According to a survey from RedLock, a public cloud security company, “53% of organizations using cloud storage services such as Amazon Simple Storage Service (Amazon S3) had inadvertently exposed one or more such services to the public.”
Worse still, “it appears that this is trending upwards despite growing awareness about the risks of misconfigurations; earlier in May this number was 40%.”
This is preposterous. Have we forgotten everything we ever learned in Security 101? Or, perhaps I should ask, “Did we ever really know how to secure services and data?”
I’m beginning to believe we didn’t. Our half-assed security methods may have worked when we weren’t putting our resources on the cloud or in internet-facing services. But our mistakes are no longer hidden within our data center; they’re out in the world for anyone to see — and hack.
I’m looking at you, Equifax. Thanks to your total lack of security and system administration sense, Social Security numbers, our default U.S. national ID number, have been rendered worthless.

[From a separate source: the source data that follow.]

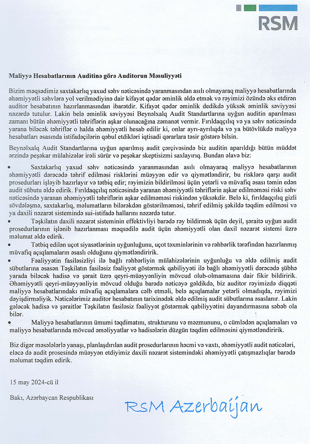 "Brand Credit Bank Olmayan Kredit Təşkilatı" MMC 31 dekabr 2023-cü il tarixində bitən il üzrə maliyyə hesabatlarını dərc edib.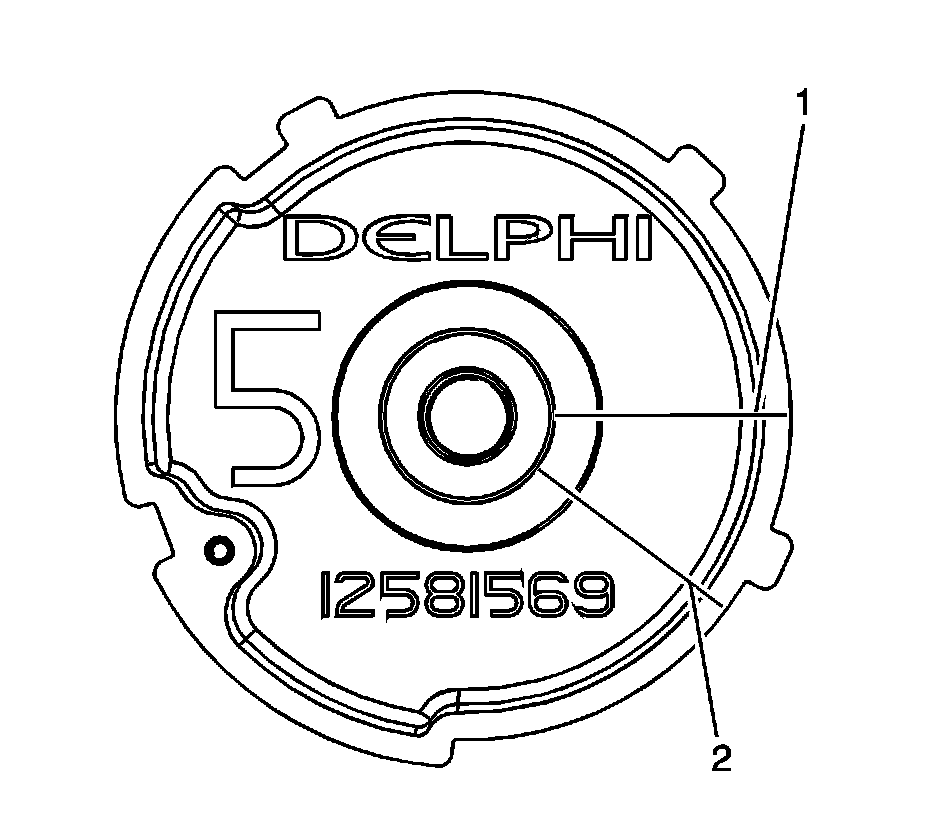 5. Scribe or draw a line (2) on the camshaft position actuator at that position.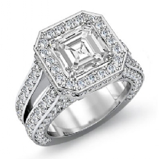 Split Shank Halo Pave Set Round diamond engagement Ring in 14k Gold White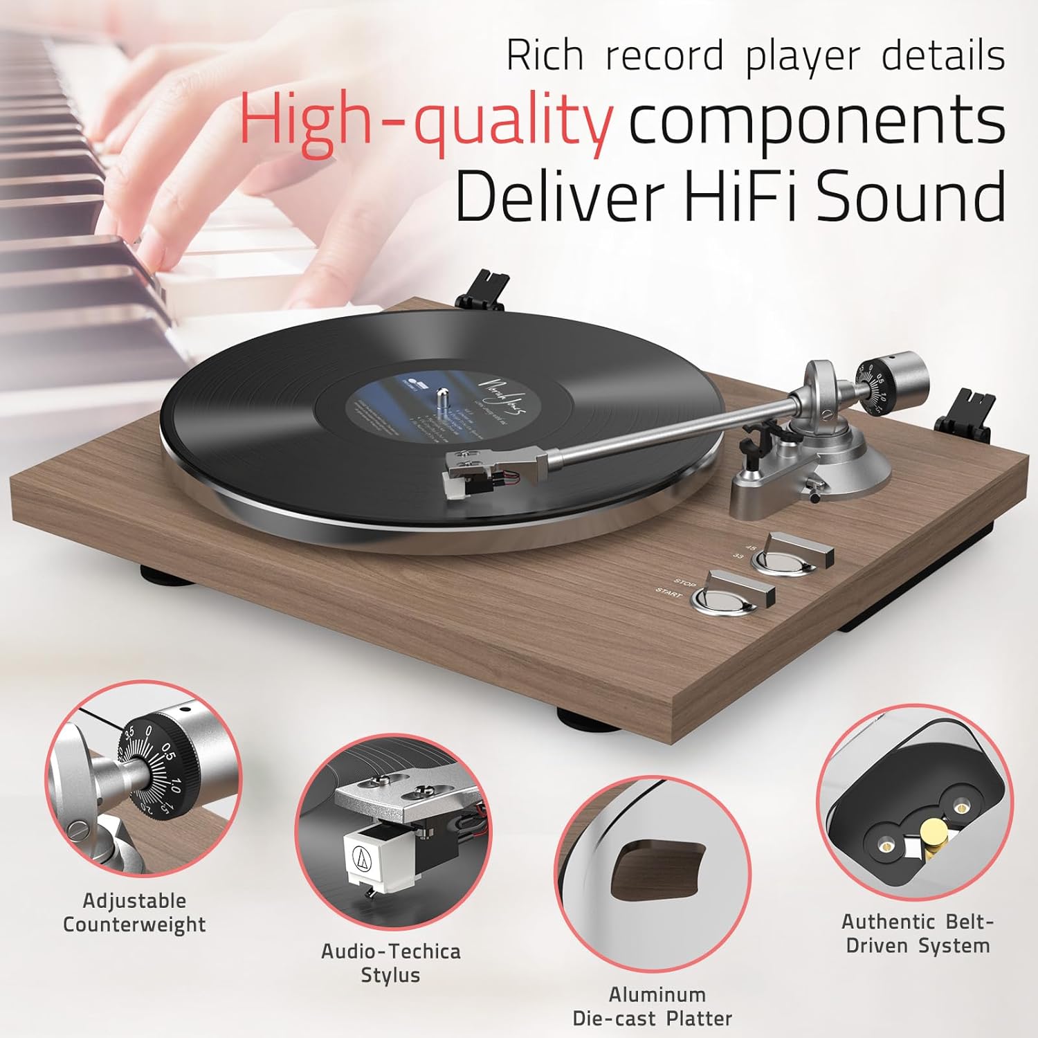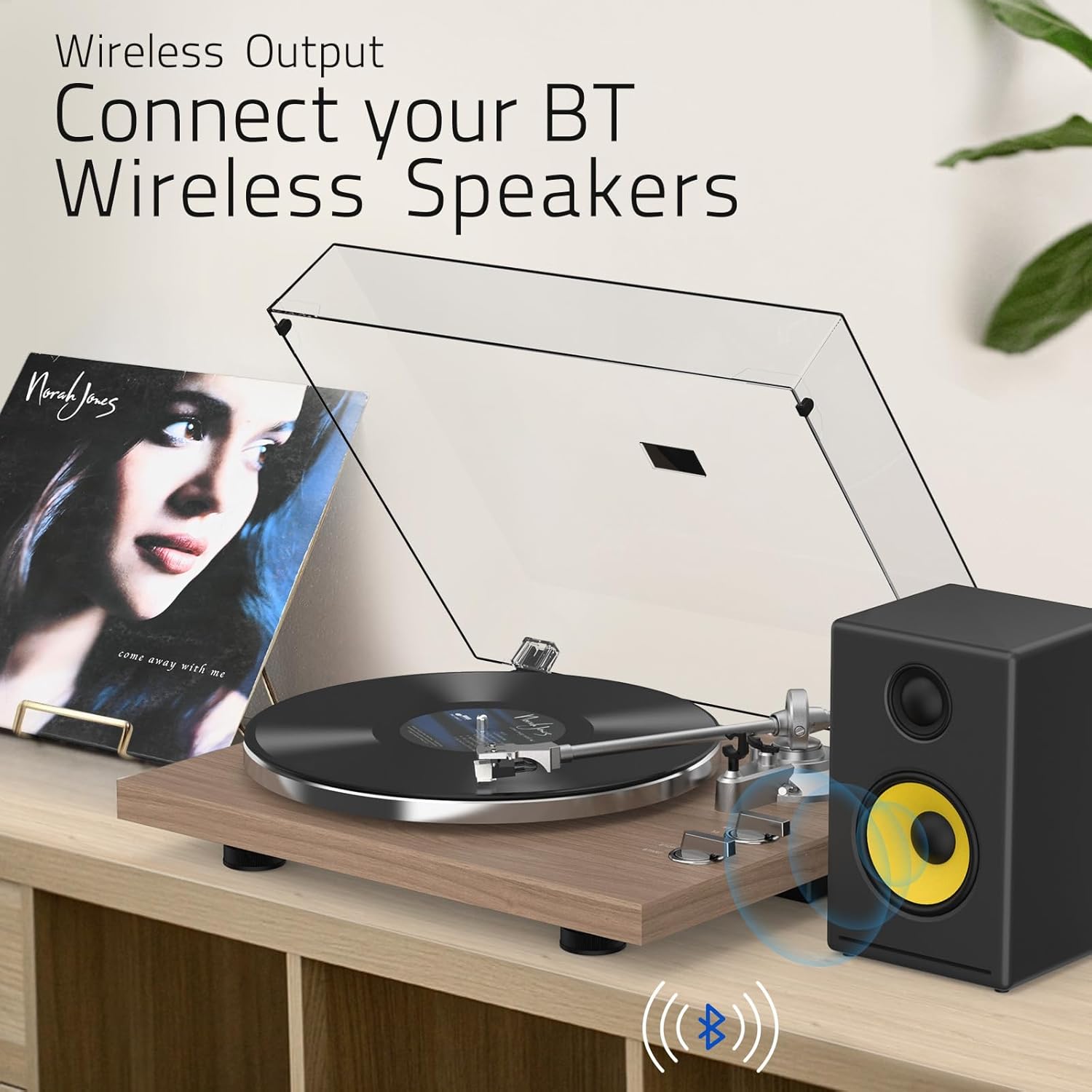 - Grabación de vinilo USB a PC: conecta este tocadiscos a tu computadora a través de USB y codifica audio de vinilo en MP3 para almacenamiento y reproducción digitalizados en tu computadora, teléfono inteligente o tablet. Lleva tus vinilos favoritos contigo sobre la marcha.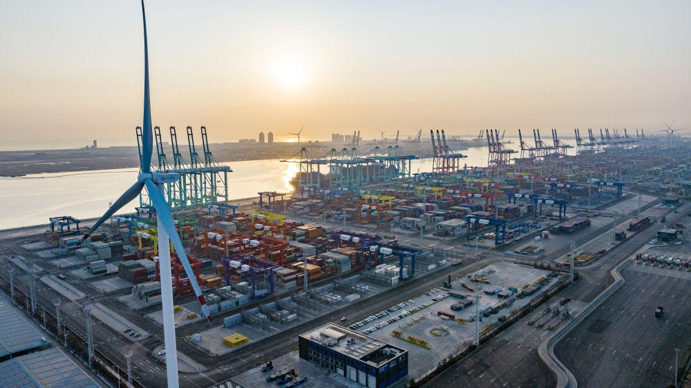 看似平常的码头作业,背后却另有玄机——整个过程达到了“零碳”排放。2021年底,随着两台风机叶片缓缓启动,这座全球首个“智慧零碳”码头的智慧绿色能源系统开始并网发电,通过风电、光伏发出的绿色能源,源源不断为码头生产提供能源。
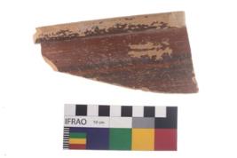 | Description / विवरण | Specimen of black on red ware with traces of decorative geometric Three parallel lines painting. |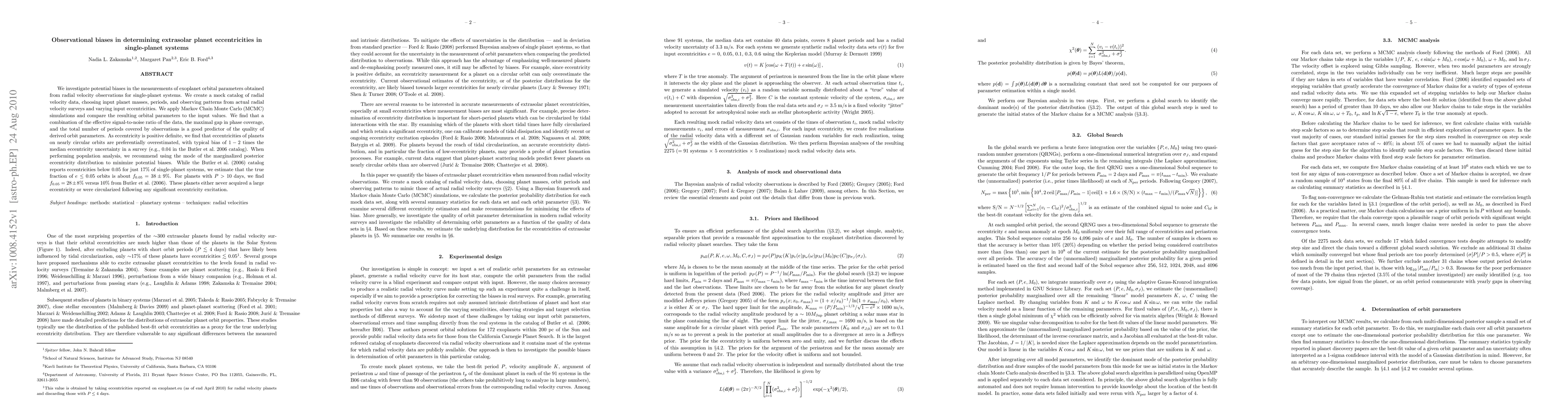 We investigate potential biases in the measurements of exoplanet orbital parameters obtained from radial velocity observations for single-planet systems. We create a mock catalog of radial velocity data, choosing input planet masses, periods, and observing patterns from actual radial velocity surveys and varying input eccentricities. We apply Markov Chain Monte Carlo (MCMC) simulations and compare the resulting orbital parameters to the input values. We find that a combination of the effective signal-to-noise ratio of the data, the maximal gap in phase coverage, and the total number of periods covered by observations is a good predictor of the quality of derived orbit parameters. As eccentricity is positive definite, we find that eccentricities of planets on nearly circular orbits are preferentially overestimated, with typical bias of 1-2 times the median eccentricity uncertainty in a survey (e.g., 0.04 in the Butler et al. 2006 catalog). When performing population analysis, we recommend using the mode of the marginalized posterior eccentricity distribution to minimize potential biases. While the Butler et al. (2006) catalog reports eccentricities below 0.05 for just 17% of single-planet systems, we estimate that the true fraction of e < 0.05 orbits is about f(0.05)=38\pm 9%. For planets with P > 10 days, we find f(0.05)=28\pm 8% versus 10% from Butler et al. (2006). These planets either never acquired a large eccentricity or were circularized following any significant eccentricity excitation.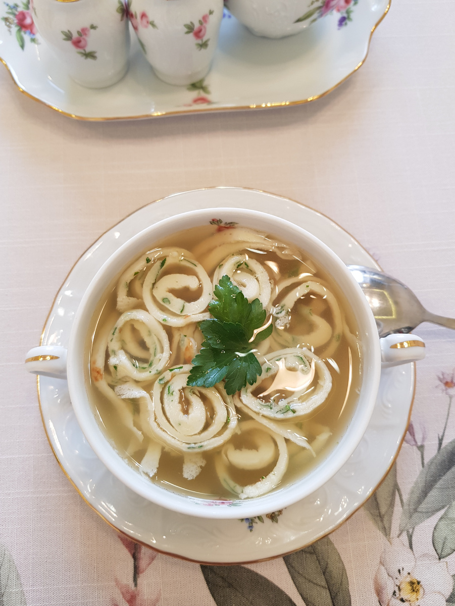 Добрый день, дорогие друзья! Сегодня я представляю вашему вниманию нежное, насыщенное, оригинальное блюдо от Огюста Эскофье, которое готовится на основании куриного консоме с добавлением соленых блинов в качестве гарнира. Для приготовления нам понадобятся: 250 грамм муки, 4 яйца, 500 грамм молока, 5 грамм соли, 1 столовая ложка подсолнечного масла, зелень петрушки, 1,5 литра куриного консоме. Приготовление: яйца разбить в ёмкость, добавить соль, перемешать. Добавить молоко, перемешать. Просеять муку. Перемешать миксером до однородности и оставить на 30 минут при комнатной температуре. Добавить растительное масло. Добавить мелко нарезанные листочки петрушки. Перемешать. Налить на разогретую сковороду тесто, распределяя его по дну. Выпекать на среднем огне с двух сторон до готовности. Готовые блины складывать на блюдо и накрывать баранчиком, чтобы они не остыли. Свернуть готовый блин трубочкой. Нарезать блинчик мелкой соломкой. Разложить соломку из блинчиков по бульонницам и залит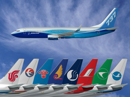 中国国际航空公司、中国东方航空公司、中国南方航空公司、山东航空公司、上海航空公司、深圳航空公司和厦门航空公司已于今年早些时候订购了65架新一代波音737飞机,这些订单于今年8月份公布在波音订单和交付网站上。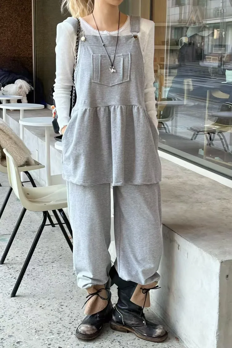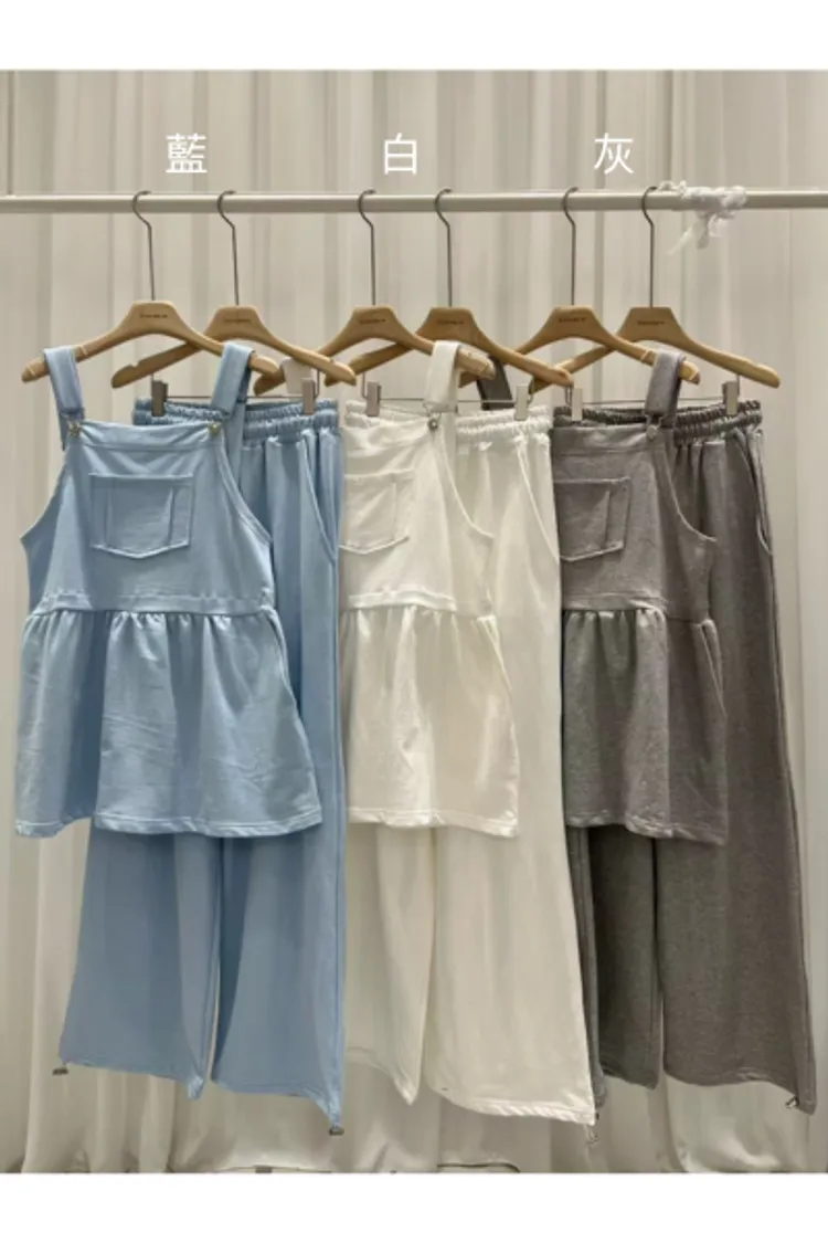 棉 薄款面料 肩帶可調 腰有鬆緊 衣服褲子都有口袋 適合台灣夏天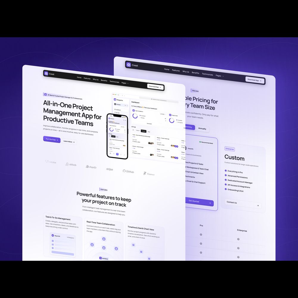 Crest is a clean, modern app website template for Framer. With 12+ pages, launch your app with style. Fast, responsive, and easy to customize. Perfect for startups and tech teams. No coding required. Live Demo → Features: 12+ Unique PagesProfessional & Modern DesignFully Responsive LayoutChange Color Scheme in One-Click4 CMS Collections (Blog, Author, Categories & Changelog)Beautiful AnimationsConversion Focused DesignStunning Mobile MenuMobile Responsive Comparison Table (Pricing Page)Great Customer SupportAnd a lot more Figma File Included (Only homepage).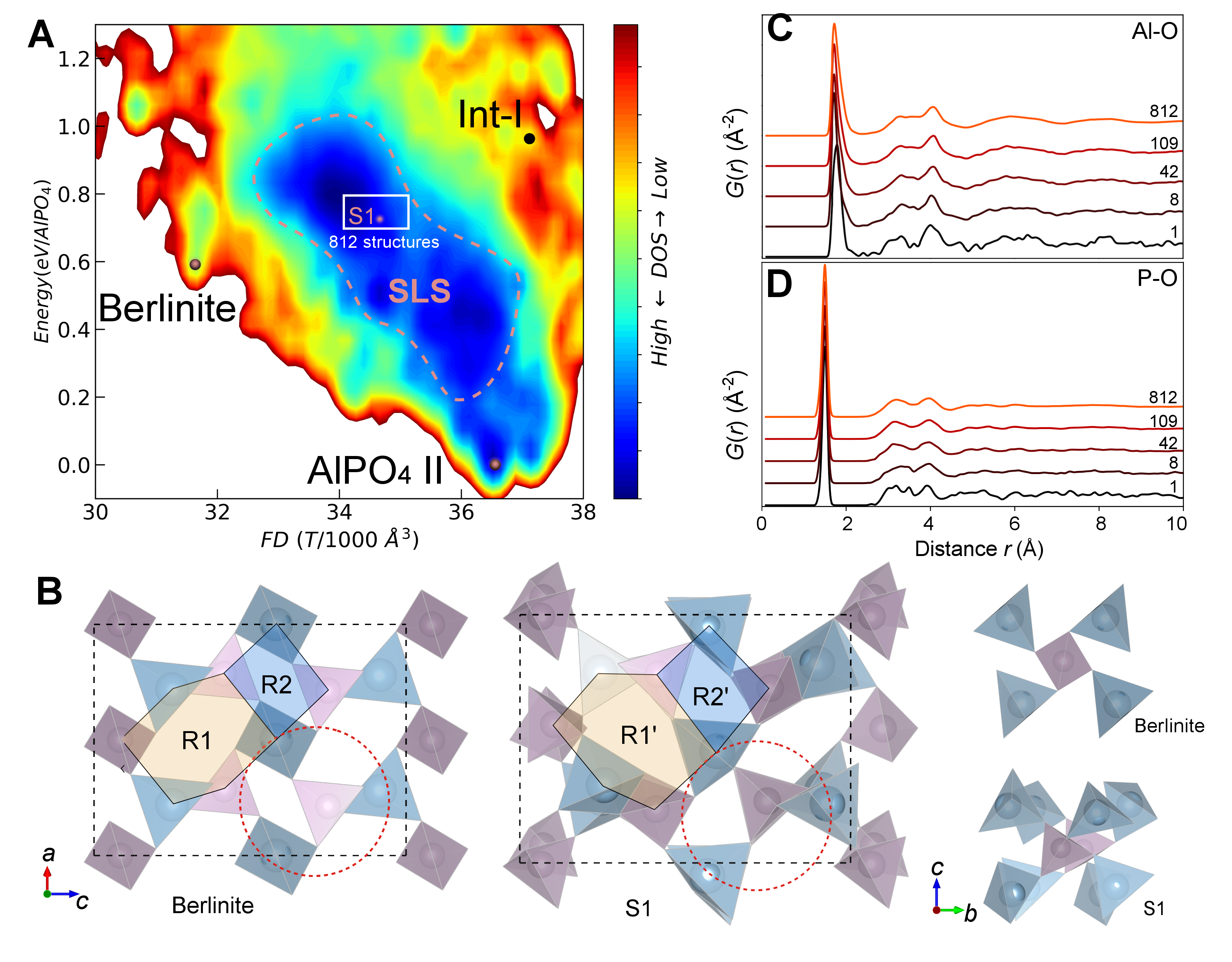 使用随机表面行走法(SSW)进行全局势能面(PES)搜索的结果显示柏林石和AlPO4 II被一群高概率密度结构隔开。然而,连接柏林石和稳定的AlPO4 高压相的晶体相变路线(路径一)将绕过这些高密度结构,AlPO4的短、中、长程有序性均被破坏。该路径包含两个中间结构和三个关键步骤,势垒很高,除非施加热量,否则发生的可能性很低。而在室温15 GPa下,样品更有可能进入高DOS结构区(路径二),该区域中有一群低对称结构(SLS)组成(图a),可以描述玻璃态AlPO4。SLS的高DOS值表明从柏林石到SLS的动力学势垒(如柏林石-S1)较低,从S1到AlPO4 II的路径却因动力学阻碍而缺失,这与实验的结果呼应。以不同采样数计算SLS结构群的G(r)(如Al-O和P-O)(图c-d),结果表明SLS本质上是无平移对称性、中程无序但短程有序的固体。

One thing that hasn’t been mentioned much in the Equifax fiasco is that the company also hadn’t encrypted its data. Is your cloud data encrypted? According to the Redlock study, “64% of databases in the public cloud are not encrypted.”
Oh, come on, people! Encrypt your data already. Make it a little harder for thieves to ransack it, please!
OK, so Accenture, a, quote, leading global professional services company, end quote, was full of idiots. And Equifax will go down in the history books for allowing one of the all-time worst security failures. But your company’s fine. Right? Right!?
Do yourself a favor. Run a basic security audit. Keep in mind, as Accenture didn’t, that AWS, Google Compute, Microsoft Azure and all the other major public cloud players provide you with infrastructure as a service, not security as a service. Ultimately, it’s up to you to secure your data, not your cloud provider.